This Open Letter to Sen. John McCain was received by Jon Christian Ryter in his email. Usually, emails of interest are posted under FROM THE MAILBAG. A Senate investigation on MIAs was launched in 2003 due to pressure from POW-MIA. Because North Vietnam trusted Sen. John Kerry, they willingly opened their facilities to him and let his agents examine documents on prisoners-of-war. (However, missing from those files were any mention of POWs who, for whatever reason, were sent to the Soviet Union or China for more intense interrogation, or those whom the communist regime felt were too valuable to them to release.) Although evidence continued to surface that Living American military personnel were still being held captive in Vietnam, the Committee—with only two dissenting members (Bob Smith [I-VT] and Charles Grassley [R-IA]—decided there were no POWs left, alive, in Vietnam. They concluded there may be unrecovered corpses, but they decided, we had left no living soldiers behind. In 1995 then President Bill Clinton announced he was normalizing relations with Hanoi. Championing the decision were McCain and Kerry.

Editor's Note: Arnold L. Beizer authored this piece with the knowledge and consent of Mrs. Carol Hrdlicka (as her attorney on POWMIA affairs since 1992). It expresses the sentiments that Col. David Hrdlicka (POW in Laos) would wish to convey to the American people and to Senator John McCain (if David could freely speak). These words represent the position of his wife, Carol Hrdlicka. Mrs. Hrdlicka is an active leader in the POW/MIA effort to find and bring home all of America's unaccounted for POWs and MIAs.

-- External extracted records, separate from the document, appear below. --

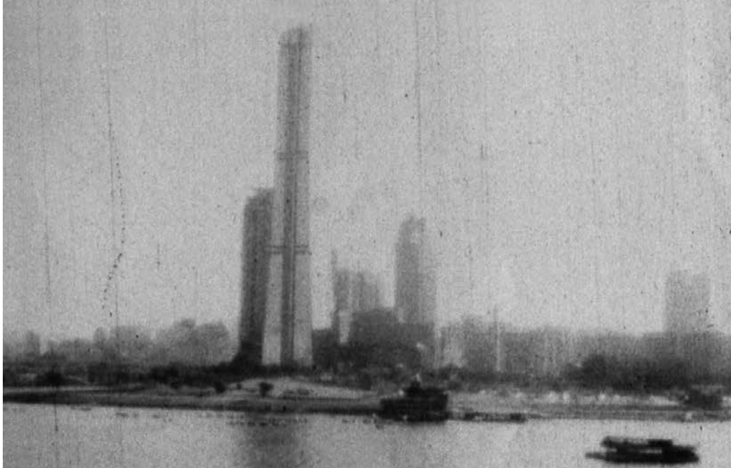
Luiz Roque, The Golden Tower (Torre Dourada), 2012; ampliação fotográfica a partir de filme positivo superoito

adversa e em contato físico e sensorial com o objeto edificado, perceber ali elementos que analogamente nos remetem à ordem dos conflitos interpessoais nos espaços urbanos.
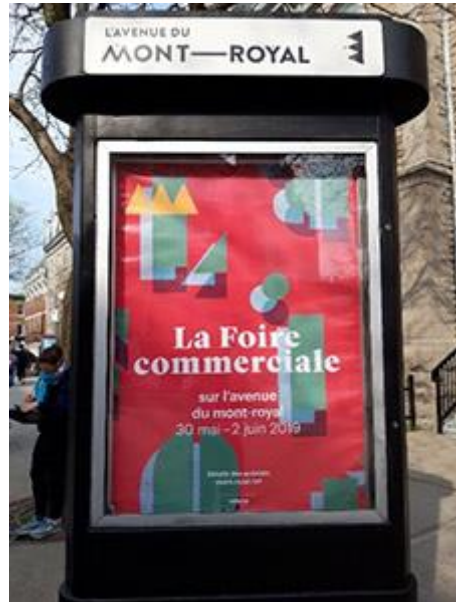
Début de la période estivale.
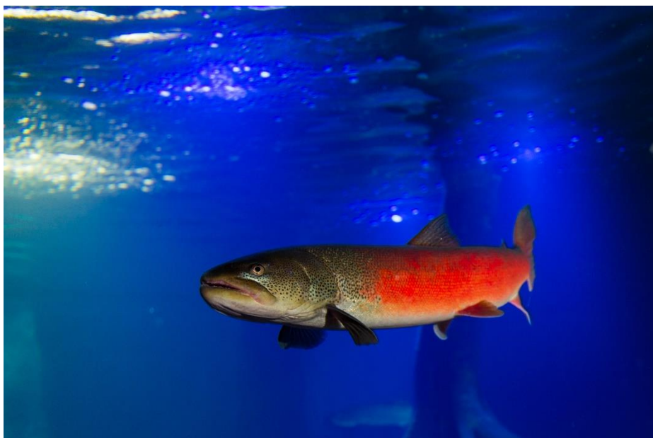
写真：繁殖期特有の婚姻色が現れたオスのイトウ
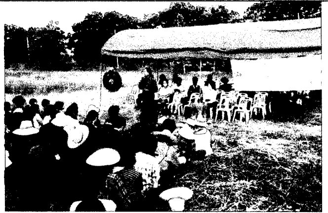
พิธีเปิดโครงการ
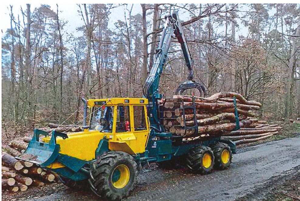
Illustration du type de tracteur forestier souhaité

L'actuel tracteur forestier, demeure une machine particulièrement bien adaptée aux interventions en zone urbaine ou dans des terrains exigeants tels que la Vallée du Gottéron. Ce dernier restera en service à raison d'environ 200 heures par an et sera utilisé lors de travaux spécifiques, notamment des coupes de bois ou la réalisation de prestations ponctuelles pour des tiers.
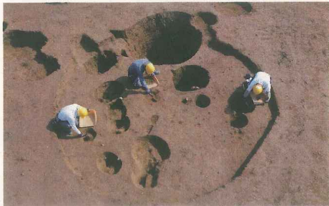
竪穴住居跡の発掘調査 (第 10 号竪穴住居跡)
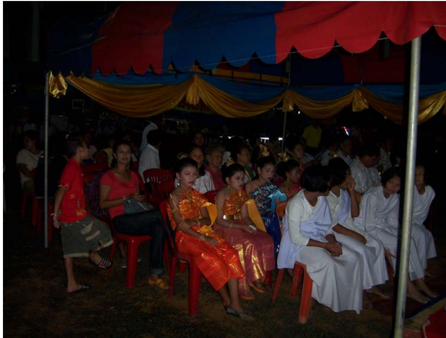
ประชาชน นักเรียน สถานศึกษา ชุมชนเข้าร่วมพิธีกวนข้าวมรุปายาส(ข้าวทิพย์)

การบริหารจัดการวัฒนธรรมท้องถิ่นเพื่อสร้างความสามัคคีในชุมชน : กรณีศึกษาประเพณีกวนข้าวมรุปายาส(ข้าวทิพย์) ของวัดเกษมจิตตาราม อำเภอเมืองอุตรดิตถ์ จังหวัดอุตรดิตถ์
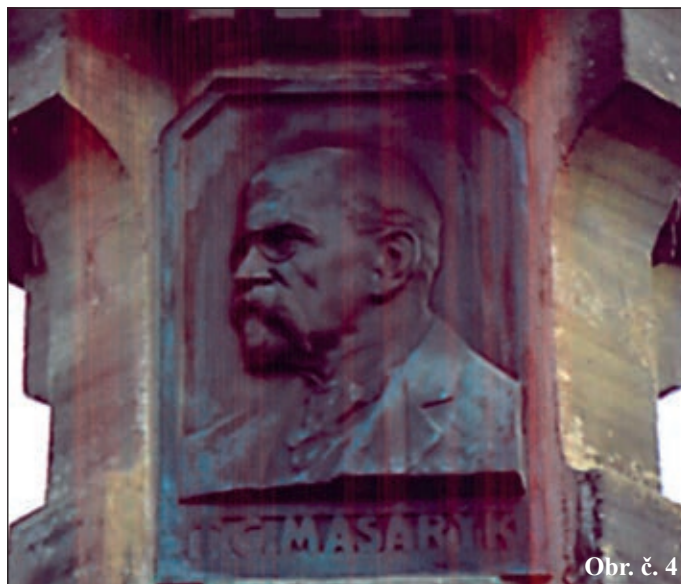
Obr. č. 4

V minulém století se nám podařilo sametovou revolucí překlenout přes nedemokratický systém jedné vládnoucí politické strany, za níž jméno Masaryka muselo být vymazáno z názvů ulic, jeho sochy a busty byly odstraněny, pamětní desky připomínající tohoto prezidenta nebo I. republiku sejmuty nebo rozbity.

As President of Let Freedom Ring, Inc., a non profit 501c3 organization, (http://www.letfreedomring.com) , I took Carol Hrdlicka to Vietnam along with Muhammad Ali, former 3-time World Heavyweight Champion, to help find information about America's 324 last known alive POWs which included David Hrdlicka as well as the 2,500 other MIAs. According to Mrs. Hrdlicka, and documentary evidence in the hands of our government, David Hrdlicka is alive. This letter is addressed to Sen. John McCain, former member of the Senate Select Committee On POW/MIA Affairs and, once again, a candidate for President Of The United States.

Dear Sen. McCain:
My name is Col. David L. Hrdlicka formerly of McConnell Air Force Base. I have a question for you. I am a POW from the Vietnam War, captured in Laos on May 18, 1965, a couple of years before you were shot down over Hanoi. You were released from captivity in 1973. I have been here in Laos ever since beginning to serve my country forty-two (42) years, eight (8) months ago and (at the time of the writing of this letter). I was captured alive and left behind—given up as dead in Laos.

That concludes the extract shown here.